The Epworth Sleepiness Scale is a questionnaire filled out by the patient that is used to provide a standardized semiquantitative subjective assessment of daytime sleepiness.

In this questionnaire, patients are instructed to rate the chance of dozing off in a number of different situations. They are to choose the most appropriate ranking for each of these situations, working out how they would probably respond if it is something they have not actually done recently. Scoring for the Epworth Sleepiness Scale is shown in Table 1 below.
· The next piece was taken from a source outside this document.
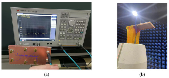 Photographs of the test site where the MIMO antenna was tested. (a): Vector network measurement analyzer and (b): SATIMO anechoic chamber.

Table 1. Epworth Sleepiness Scale Questionnaire (Open Table in a new window)

Scoring

0 - Would never doze off

1 - Slight chance of dozing off

2 - Moderate chance of dozing off

3 - High chance of dozing off

Score situation

_____ Sitting and reading

_____ Watching TV

_____ Sitting inactive in a public place (eg, theater, meeting)

_____ As a passenger in a car for an hour without break

_____ Lying down to rest in the afternoon when circumstances permit

_____ Sitting and talking to someone

_____ Sitting quietly after a lunch without alcohol

_____ In a car, while stopped for a few minutes in the traffic

_____ Total*

*A total score of 0-5 is supernormal; 5-10 is normal; 10-15 is sleepy; 15-20 is very sleepy; and >20 is dangerously sleepy (arrange transportation for patient)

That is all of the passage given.